# [COLLECTED DATA]
[Start of Attachment]
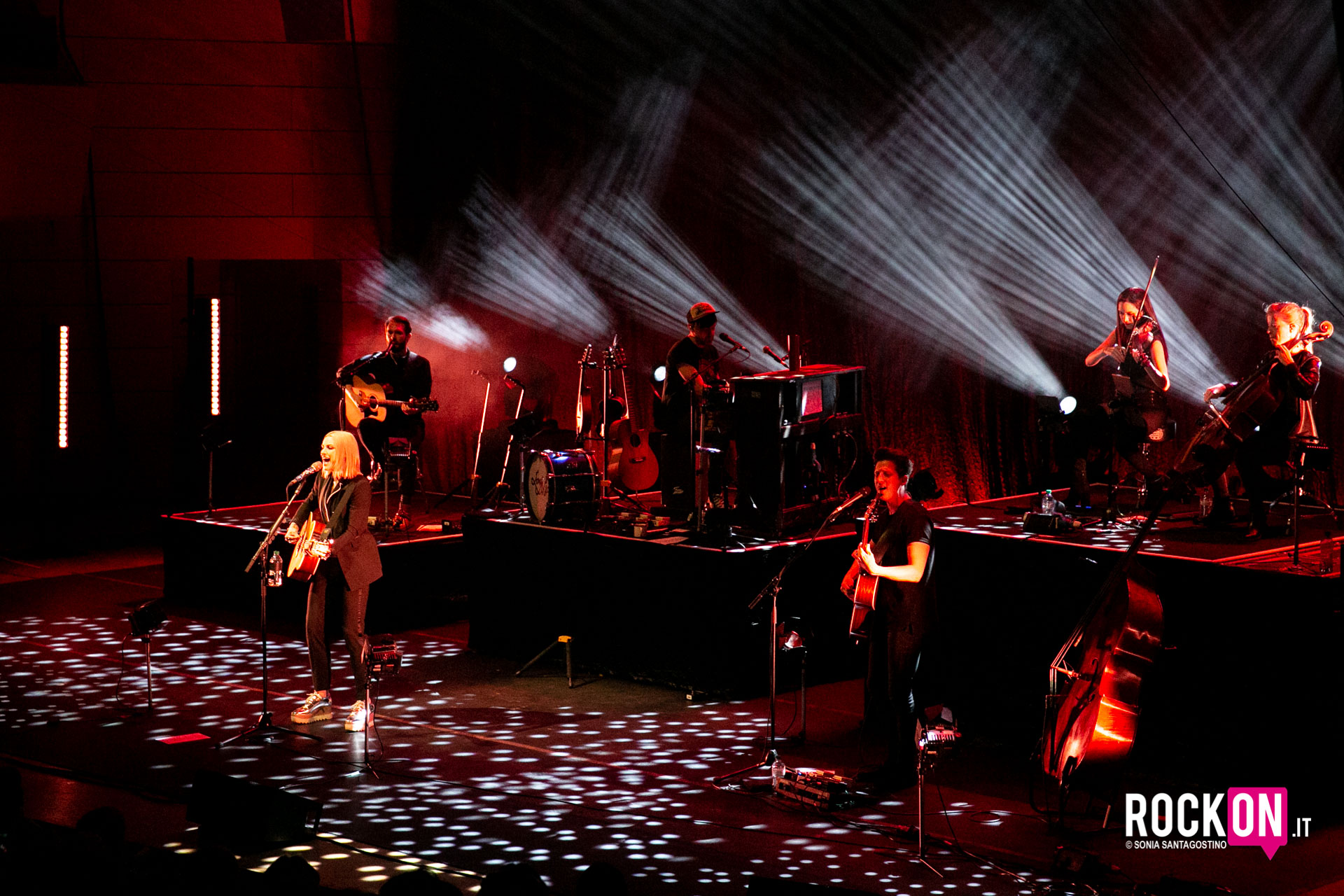 La band ha già preso posto da qualche minuto. Violoncello, violino, contrabbasso, chitarra e un polistrumentista che si alternerà tra cajon, mini-batteria, mandolino e pianoforte.
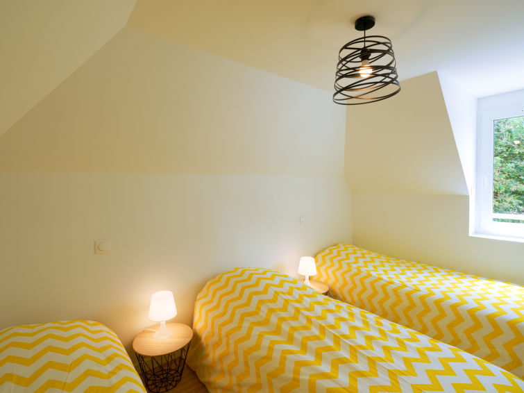 Cosy single-family house "Penhors", renovated in 2022, surrounded by trees and fields. On the outskirts, 4 km from the centre of Plovan, 4 km from the sea, 4 km from the beach, 20 m from the stream. For shared use: natural state property 2 ha, lawn. Private: garden 1'100 m2 (not fenced) lawn, parking (for 2 cars) on the premises. Grocery 6 km, supermarket 3 km, restaurant 4 km, bus stop 4 km, sandy beach 4 km. Surf school 4 km. Nearby attractions: Penmarc'h, La Torche 19 km, Pont l'Abbé 12 km, Audierne 23 km, Quimper 26 km, Douarnenez 19 km, pointe du Raz 35 km. Hiking paths: GR 34, Baie d'Audierne, Cap Sizun. Please note: Property ref. FR2948.601.1 is situated on the same property."Penhors", 3-room house 90 m2 on 2 levels. Beautiful and cosy furnishings: living/dining room with dining table and TV (flat screen). Exit to the terrace. Open kitchen (oven, dishwasher, 3 induction hot plates, toaster, kettle, microwave, electric coffee machine). Shower, sep. WC. Electric heating. Upper floor: 1 room with sloping ceilings with 1 french bed (160 cm, length 200 cm). 1 room with sloping ceilings with 3 beds (80 cm, length 190 cm). South facing position. Terrace furniture, barbecue (portable), deck chairs (2). Facilities: washing machine, dryer, children's high chair, baby cot for up to 2 year olds, hair dryer. Internet (WiFi, free). Please note: non-smoking house. Smoke alarm. Offer by a private individual according to Art. 155, IV of CGI.
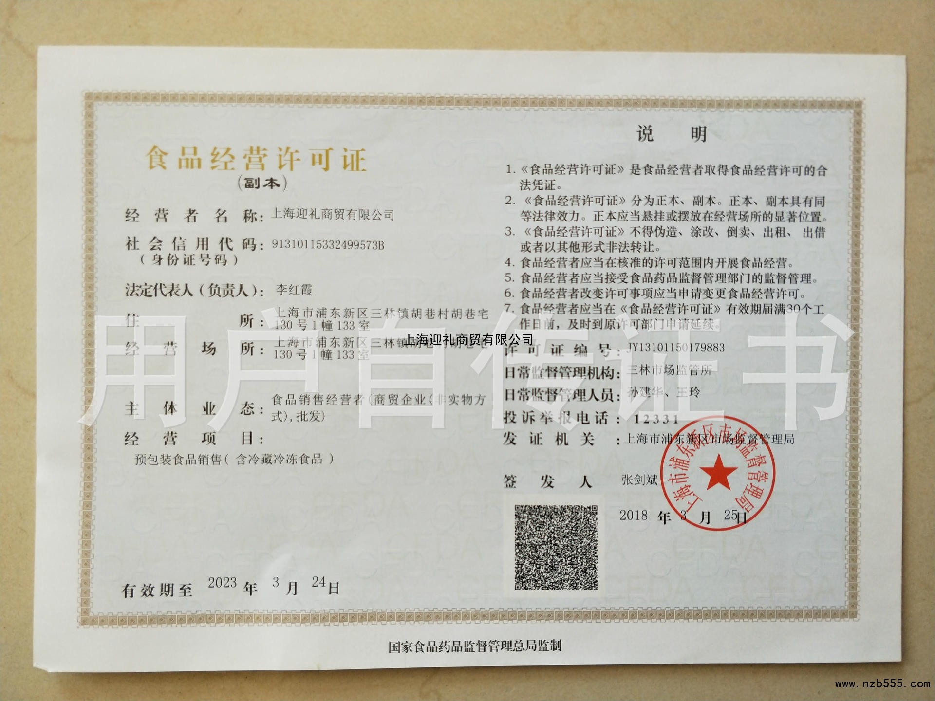 食品經營許可證
[End of Attachment]
Repeat the data above exactly, images excluded.

 La band ha già preso posto da qualche minuto. Violoncello, violino, contrabbasso, chitarra e un polistrumentista che si alternerà tra cajon, mini-batteria, mandolino e pianoforte.
 Cosy single-family house "Penhors", renovated in 2022, surrounded by trees and fields. On the outskirts, 4 km from the centre of Plovan, 4 km from the sea, 4 km from the beach, 20 m from the stream. For shared use: natural state property 2 ha, lawn. Private: garden 1'100 m2 (not fenced) lawn, parking (for 2 cars) on the premises. Grocery 6 km, supermarket 3 km, restaurant 4 km, bus stop 4 km, sandy beach 4 km. Surf school 4 km. Nearby attractions: Penmarc'h, La Torche 19 km, Pont l'Abbé 12 km, Audierne 23 km, Quimper 26 km, Douarnenez 19 km, pointe du Raz 35 km. Hiking paths: GR 34, Baie d'Audierne, Cap Sizun. Please note: Property ref. FR2948.601.1 is situated on the same property."Penhors", 3-room house 90 m2 on 2 levels. Beautiful and cosy furnishings: living/dining room with dining table and TV (flat screen). Exit to the terrace. Open kitchen (oven, dishwasher, 3 induction hot plates, toaster, kettle, microwave, electric coffee machine). Shower, sep. WC. Electric heating. Upper floor: 1 room with sloping ceilings with 1 french bed (160 cm, length 200 cm). 1 room with sloping ceilings with 3 beds (80 cm, length 190 cm). South facing position. Terrace furniture, barbecue (portable), deck chairs (2). Facilities: washing machine, dryer, children's high chair, baby cot for up to 2 year olds, hair dryer. Internet (WiFi, free). Please note: non-smoking house. Smoke alarm. Offer by a private individual according to Art. 155, IV of CGI.
 食品經營許可證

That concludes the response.